Apocalypse now

There ain’t nothing like that first week of the Tour, boys and girls. And this has been a particularly bad first few days, what with various other chores coinciding with my need to work five days a week for three weeks at VeloNews.com.

After 20 years of cracking lame cycling gags I occasionally find myself with a nasty case of writer’s block, and wouldn’t you know it? This was one of those times. And me with deadlines at Bicycle Retailer & Industry News (two columns and a “Shop Talk” cartoon strip) and VeloNews (editorial cartoon).

Never get out of the fuckin' boat!
Never get out of the fuckin' boat!

I pushed the envelope so far it turned inside out, creating a wormhole that took me to an alternate universe containing a Patrick O’Grady who was still about half funny.
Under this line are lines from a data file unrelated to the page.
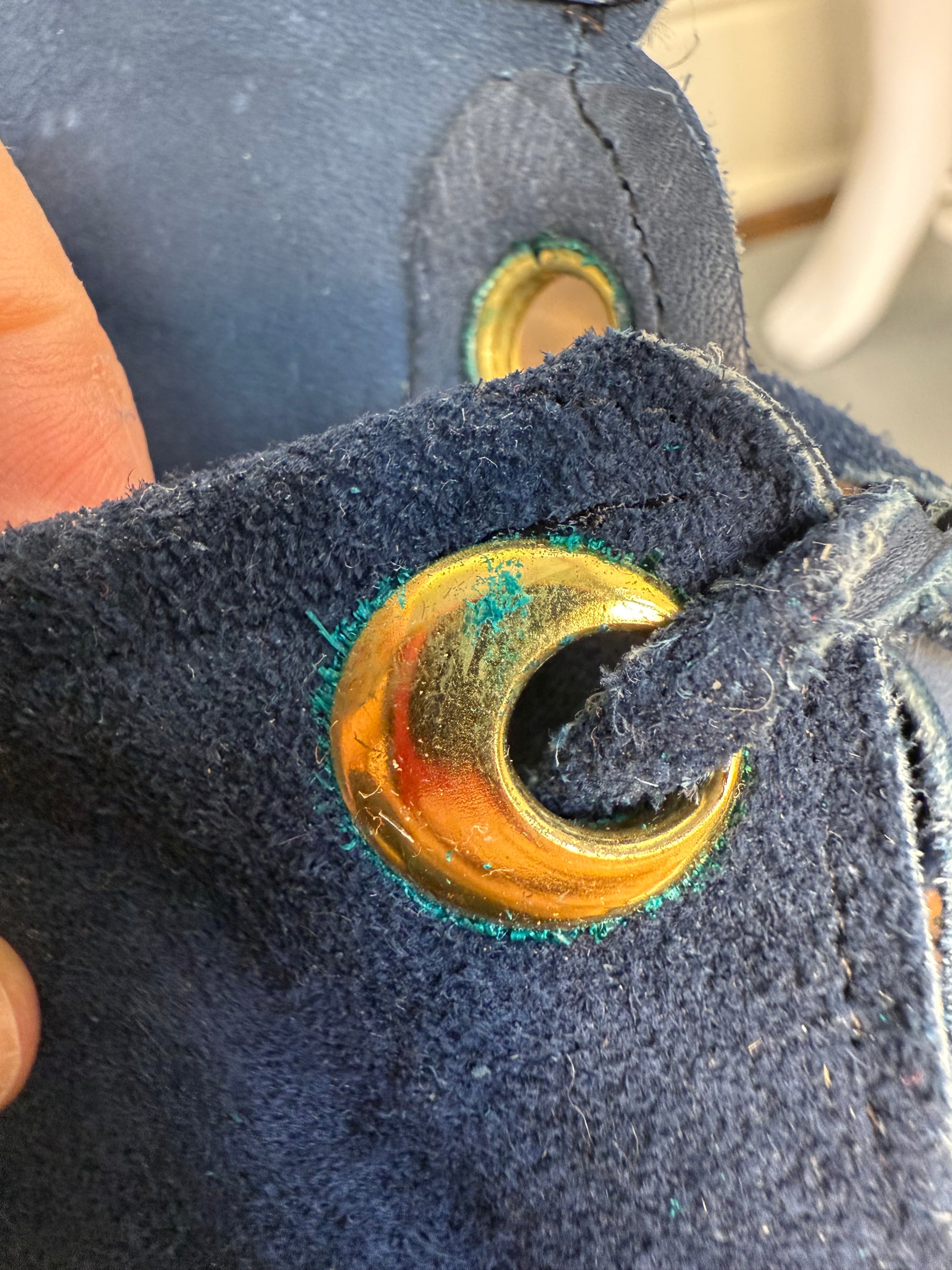 Description - Blue leather go go boots from the late 60s or early 70s. They zip up the inside of the leg and there are laces up the outside The upper part is soft and does not have anything stiff holding them up. You can adjust the laces to fit your calf.
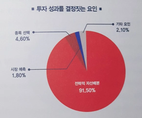 우선 자산배분 투자의 수익률에 대한 의심을 줄이고 넘어 가야할 듯 하다. 1986년 미국의 투자가인 게리 브린슨이 90개 이상의 연기금의 10년치 투자 실적을 분석했다. 그 결과 "자산 배분이 투자 성과의 91.5%를 결정한다"는 내용의 논문을 발표했다. 종목선정이나 시장 예측은 아주 미미한 영향을 끼쳤다.
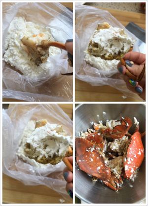 第四步:蒸好的蟹用淀粉裹住,一会儿下锅炒不会掉肉。
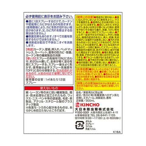 まとめ買い 大日本除蟲菊KINCHO カーテンにカビがはえなくなるスプレー 300ml 1本 【×2セット】 【同梱不可】【代引不可】[▲][TP]
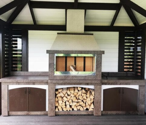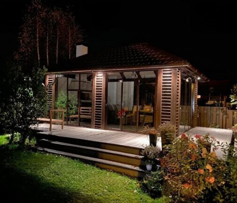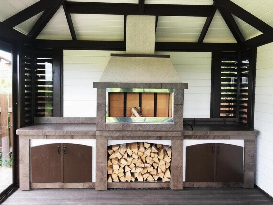 Остекление беседки выполнено в панорамном формате. Внутреннее пространство наполняется естественным светом, при этом вы полностью изолированы от осадков, пыли и назойливых насекомых. Встроенный комплекс барбекю в закрытом контуре позволяет готовить на живом огне даже в непогоду, наслаждаясь процессом в тепле и уюте.
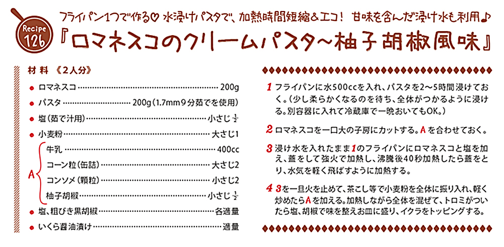 『ロマネスコのクリームパスタ~柚子胡椒風味』のレシピをご紹介!

Happily, when I showed up my dopplegänger was asleep under his drawing board with an empty bottle of tonsil polish in one limp paw (some things transcend time and space), so I appropriated his work and returned to my own universe just in time to beat my deadlines.

But is this my universe? Lance Armstrong is not winning the Tour — far from it, he sits in 18th place, 2:30 behind Fabian Cancellara, and is getting heckled by spectators calling him “dopehead” and “cheat.” And Mark Cavendish is getting his ass handed to him in the sprints. The renowned sprinter Andy Schleck has more points than Cav’, f’chrissakes.
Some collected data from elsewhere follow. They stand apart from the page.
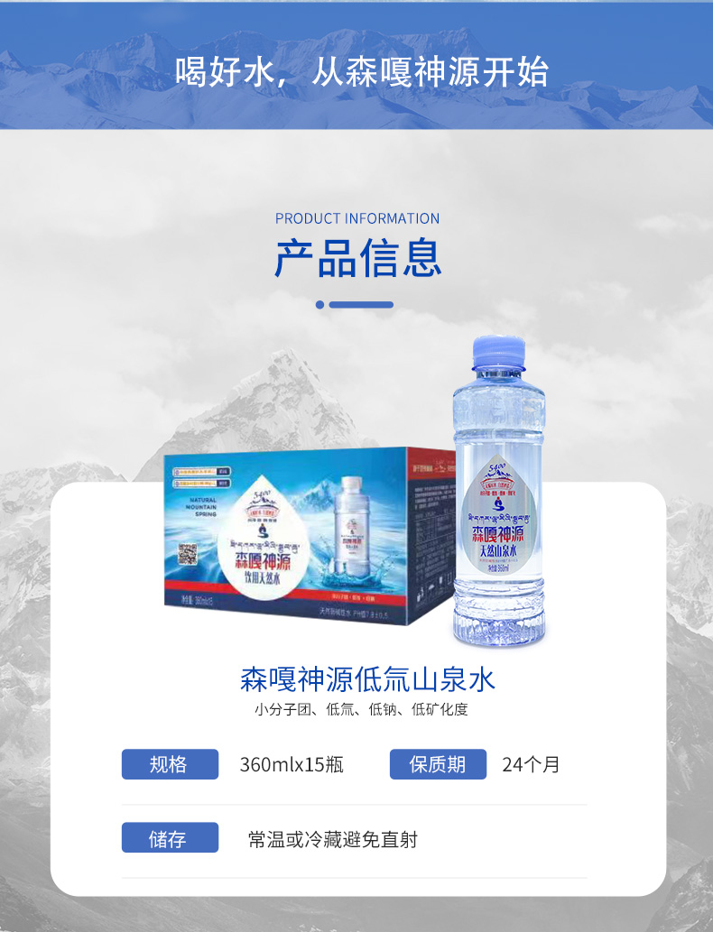 商品名称:森嘎神源天然甘甜山泉水360mlx15瓶*4箱 小分子 低钠 低氘
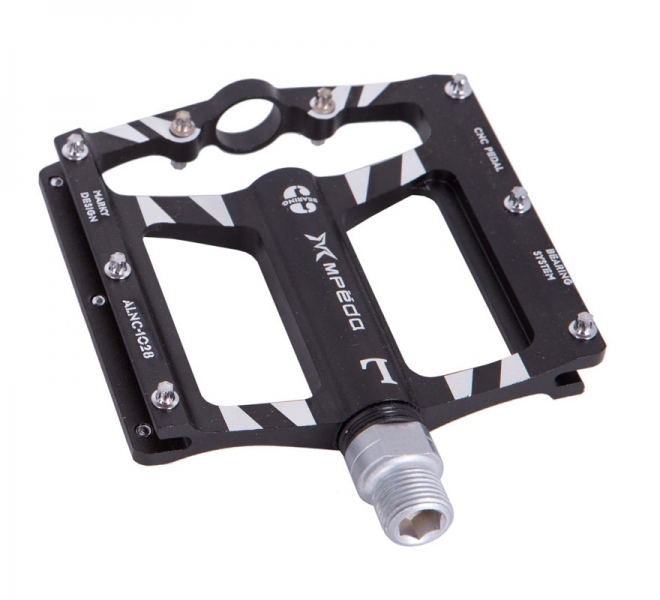 Алюминиевые педали для велосипеда Mpeda ALNC-1028 на промподшипниках со сменными шипами подойдут для горных или BMX велосипедов. Материал оси хромоль, корпуса - фрезерованный алюминий. Сменные шипы добавят педали хваткости. Крышка, закрывающая подшипник, анадирована в красный цвет. Вес пары педалей 340 грамм.
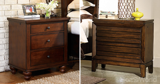 Recharge in the top drawer keeps cords out of sight. Both nightstands are available at homeworld.com

Shit. I should’ve listened to Chef. “Never get out of the boat.” Not even to beat a deadline.

Rubber side down, boys

Well, sheeyit. I didn’t get out for that bike ride after all. Family commitments, shopping and what have you. I did ride the Vespa for a while, which counts as exercise only because I was fighting a fairly insane wind. And earlier in the day I did twitch and cringe a few times as three crashes marred the final 3km in stage one of the Tour de France. That’s aerobic, right?

I’ve not seen an authoritative account of who did what to whom, but one theory has it that in the first significant pileup Cervélo’s Jeremy Hunt took out Rabobank’s Oscar Freire in a turn, and that HTC’s Mark Cavendish bit the bag as well. There was a Glasgow kiss being delivered there, but as I was watching via the Innertubes with bad eyeballs I couldn’t tell who was pitching and who was catching. To some, it looked like Cav’ was the guilty party.

The second asphalt inspection was a beaut’ that clogged the road from curb to curb. I think everyone went down in that one except for Phil and Paul.

Still, my favorite was the final crash in which Garmin’s Tyler Farrar found himself trying to catch Lampre’s Alessandro Petacchi with Lloyd Mondory’s bike stuffed into his rear wheel. What looked like a minor annoyance to him probably would’ve sent you or me to the hospital, or the morgue. Fine job of keeping the side up there, Hoss.